Question

Let \( L_1: \frac{x-1}{2} = \frac{y-2}{3} = \frac{z-3}{4} \) and \( L_2: \frac{x-2}{3} = \frac{y-4}{4} = \frac{z-5}{5} \) be two lines. Then which of the following points lies on the line of the shortest distance between \( L_1 \) and \( L_2 \)?

• A. \( \left( \frac{-5}{3}, -7, 1 \right) \)
• B. \( (2, 3, \frac{1}{3}) \)
• C. \( \left( \frac{8}{3}, -1, \frac{1}{3} \right) \)
• D. \( \left( \frac{14}{3}, -3, \frac{22}{3} \right) \)

Hint:

The shortest distance between two skew lines is given by the line joining the points of intersection on each line.

Answer 1

The Correct Option is D

Let the line PQ be the line of shortest distance between the lines \( L_1 \) and \( L_2 \). 

The points on these lines are: Point \( P \) lies on \( L_1 \) and is of the form \( P(2\lambda + 1, 3\lambda + 2, 4\lambda + 3) \) 

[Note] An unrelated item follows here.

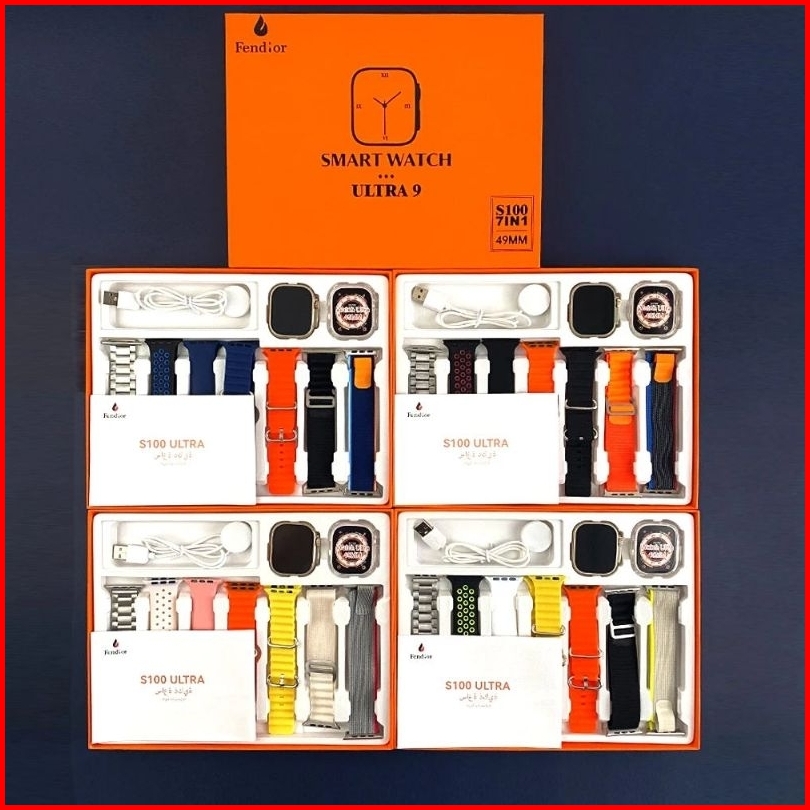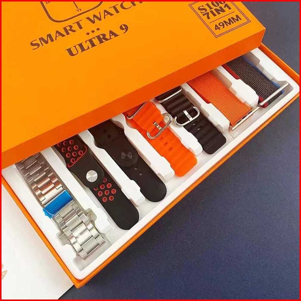 100 Ori Jam Tangan Smartwatch Ultra 9 Diameter 49mm Dapat 7 Tali Casing Transparan Tipe S100 Series 9 Ada Kalkulator Bis

Point \( Q \) lies on \( L_2 \) and is of the form \( Q(3\mu + 2, 4\mu + 4, 5\mu + 5) \). 
 

Dr's of PQ are \( 3\mu - 2\lambda + 1, 4\mu - 3\lambda + 2, 5\mu - 4\lambda + 2 \).
 

$(3\mu - 2\lambda + 1)2 + (4\mu - 3\lambda + 2)3 + (5\mu - 4\lambda + 2)4 = 0$ 
 

$38\mu - 29\lambda + 16 = 0 \quad \text{...(1)}$ $PQ \perp L_2$ 
 

$(3\mu - 2\lambda + 1)3 + (4\mu - 3\lambda + 2)4 + (5\mu - 4\lambda + 2)5 = 0$ 
 

$50\mu - 38\lambda + 21 = 0 \quad \text{...(2)}$ By (1) \& (2) $\lambda = \frac{1}{3}, \quad \mu = \frac{-1}{6}$ 
 

$\therefore P\left(\frac{5}{3}, 3, \frac{13}{3}\right) \quad \& \quad Q\left(\frac{3}{2}, \frac{10}{3}, \frac{25}{6}\right)$ 
 

Line PQ $\frac{x - \frac{5}{3}}{\frac{1}{6}} = \frac{y - 3}{\frac{-1}{3}} = \frac{z - \frac{13}{3}}{\frac{1}{6}}$ $\frac{x - \frac{5}{3}}{1} = \frac{y - 3}{-2} =\frac{z - \frac{13}{3}}{1}$ Point $\left(\frac{14}{3}, -3, \frac{22}{3}\right)$ lies on the line PQ.